Preliminaries will be held the day before the reception, at times to be arranged with the organizers.
At the reception, a large area will be available to which the robots are confined. The area will be some subset of the reception room, approximately 50 x 50 feet. It will be marked by lines on the floor so that escorts can tell their robot when to cut back.
Attendees will be milling about taking hors d'oeuvres from off the robotic servers. All robots must be capable of carrying a standard tray. Human interaction is the key to success. The robots must move about autonomously within the reception area and can interact by speech, vision, tactile, infrared, or whatever with potential servees. Personality counts here: your job is to have the robots engage the attendees as much as possible, convincing them that they are able servers.
Expect a fair number of attendees, so your robot should be able to deal with crowds.
Robots will be expected to stay in the reception area for an extended period of time, in fact, the whole reception, if possible, which will run some 2-3 hours. If you need to change batteries, you can do this.
Scoring will be based on a combination of audience appreciation (60%) and technical judging (40%).

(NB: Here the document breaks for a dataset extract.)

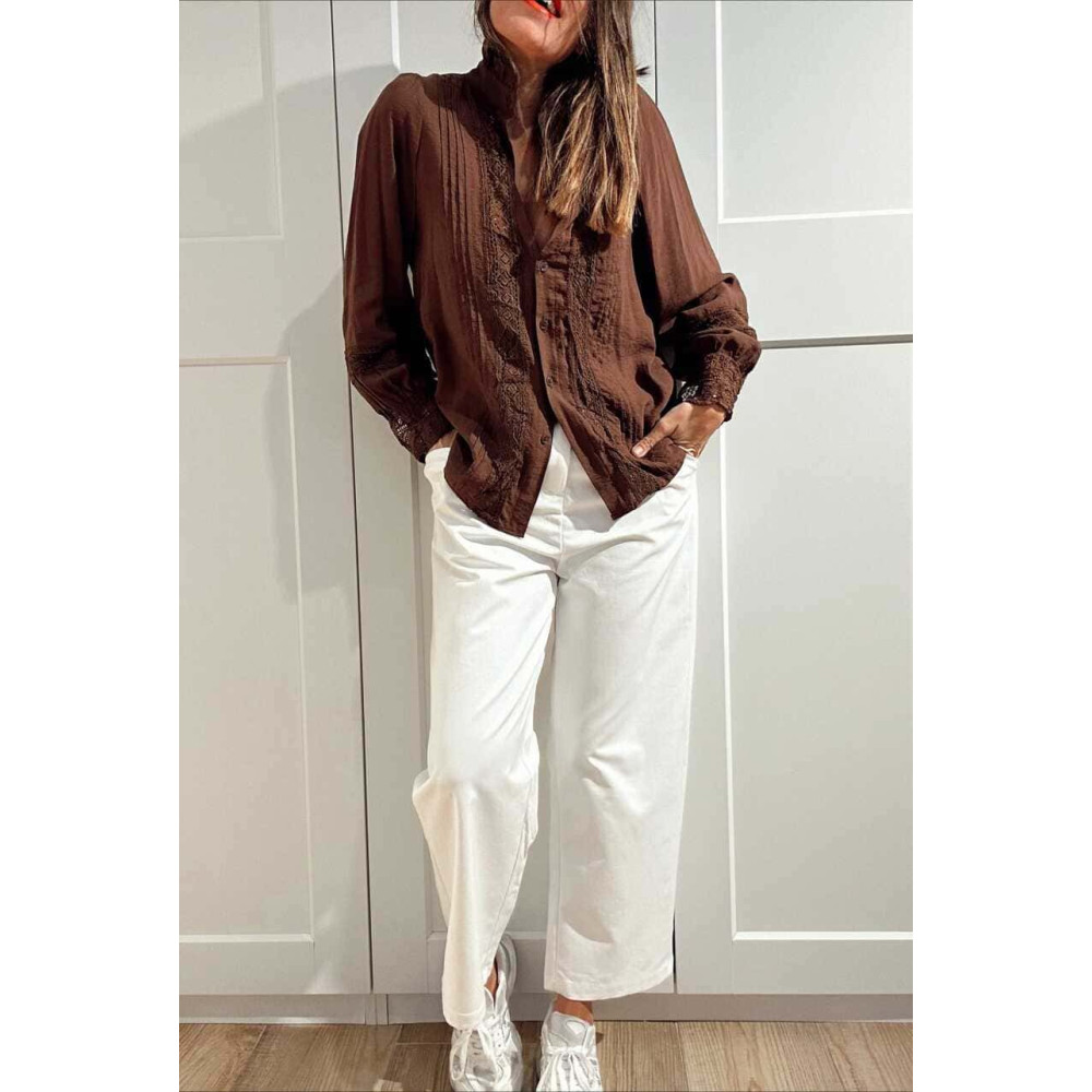 Éstas son aprox. la equivalencia de tallas y las medidas de la Blusa Romántica Jaretas JOBELLE Marrón:

Audience appreciation: attendees entering the area will receive one token that they can drop in a box corresponding to their favorite server at the exit of the reception. This is analogous to tipping (little batteries are a possibility). The highest scorer will receive 60 points; the rest will receive points based on what percentage of the highest score they achieve, e.g., if the lead robot gets 50 tokens, and your robot gets 10 tokens, it will receive 12 points.
Technical merit: maximum of 40 points.
a) Not bumping into people: 10 points. Robots that are careful to avoid running into people or over their toes will be awarded 10 points. Those that continuously annoy the attendees will be awarded no points. Judges will characterize in-between behavior. No points will be awarded for robots that do not move; in fact, robots *must* move in this contest.

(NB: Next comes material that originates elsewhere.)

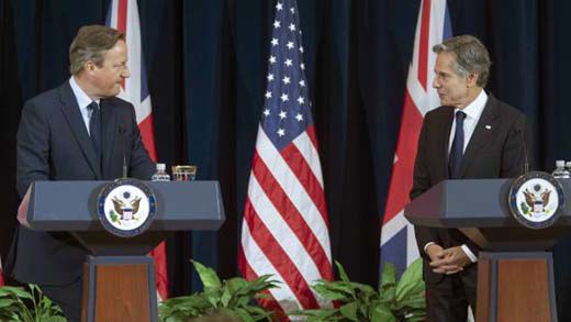 David Cameron, ministro británico de Exteriores, habló sobre los fondos que destinó su país para la misión en Haití durante una rueda de prensa junto al jefe de la diplomacia estadounidense, Antony Blinken.

b) Wandering: 10 points. Robots should not stay in one place, but try to wander around. No requirement to cover the entire area, however. Robots should also not get stuck in corners.
c) Staying in area: 5 points. Robots should be taskable to stay within the given area (see above). This explicitly means that escorts should *not* have to turn off the motors and drag them back.
d) Seeking out people: 5 points. Robots that can seek out people will be awarded extra ponits. Distinguishing people from walls and poles is helpful but not absolutely necessary: partial points will be given for any reasonable behavior.
e) Refills: 5 points. Robots that can tell when they need food refills will earn an extra 5 points.
f) Manipulation: 5 points. Robots that can actively offer attendees their wares will be awarded an extra 5 points.
We are really looking for robots with maximum "cute" appeal, so the scoring is biased towards audience participation. The technical points are there so that robots stay within reasonable guidelines.